Но ее руки опустились на мои плечи по-русалочьи нежно, и я почувствовал тревожную пульсацию в кончиках ее пальцев и легкий холодок страха, вползший в ее дыхание, еще теплое ото сна.

Телевизор ускользнул от ответа и продолжал бубнить голосом дикторши, не поднимающей подсиненных век от позора: «В целях преодоления глубокого и всестороннего кризиса, политической, межнациональной и гражданской конфронтации, хаоса и анархии…»

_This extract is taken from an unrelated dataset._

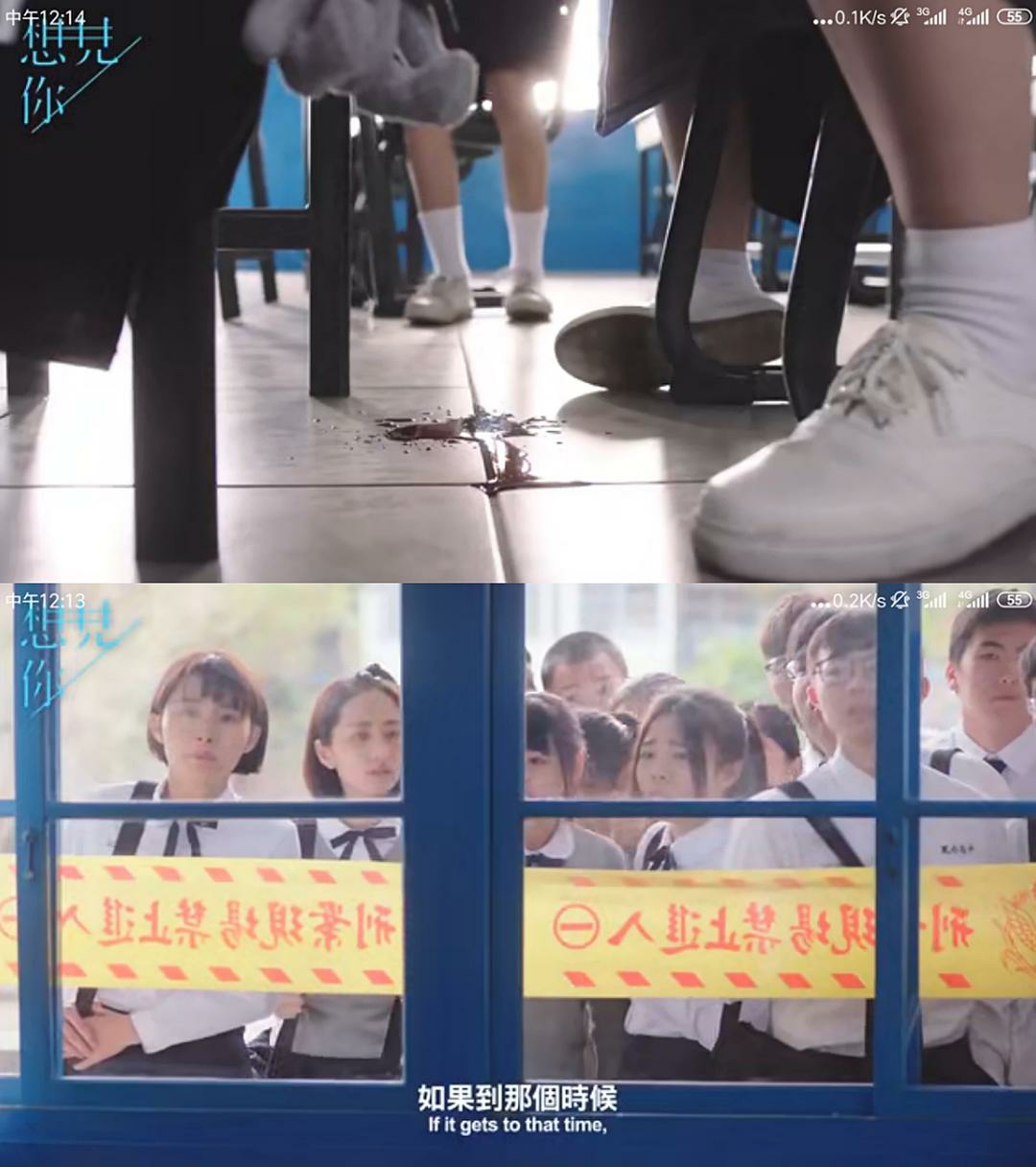 - 黃雨萱在走廊上遇到玩著籃球的李子維與莫俊傑,在李子維不小心撞上黃雨萱的剎那,歌曲循環符號出現,就此後兩者以及長廊變成了黑白色,獨留黃雨萱一人是彩色的 = 以黃雨萱的角度來說,李子維及莫俊傑都是屬於過往時光(1998年)的人物,而她則來自於現代(2019年),所以色調會有所區別,但因為穿越他們都碰了面、同處一個時代;

Мой двухлетний неуемный двойник — Евгений Евтушенко номер два — такой румяненький, как будто его только что вытащили свежевыпеченным на деревянной лопате из русской печи, потянул меня за штанину, хитро захныкал, засутяжничал:

— Зеня хоцет мультик. Цип и Дейл хоцет.

Его младший брат — годовалый Митя — сосредоточенно пытался ухватить нашего кота Кузю за хвост.

Слава Богу, дети еще ничего не понимали.

Их добрая петрозаводская няня, из родственных чувств исполненная семейной антиноменклатурности, ибо все ее родичи ударились в шибкие демократы, всплакнула, опустив худые, оплетенные тяжкими венами руки бывшей щипалыцицы слюды:

— Ой, Евгений Александрович, не убили ли Горбачева… Хоть он тоже, конечно, партаппаратчик, а жалко…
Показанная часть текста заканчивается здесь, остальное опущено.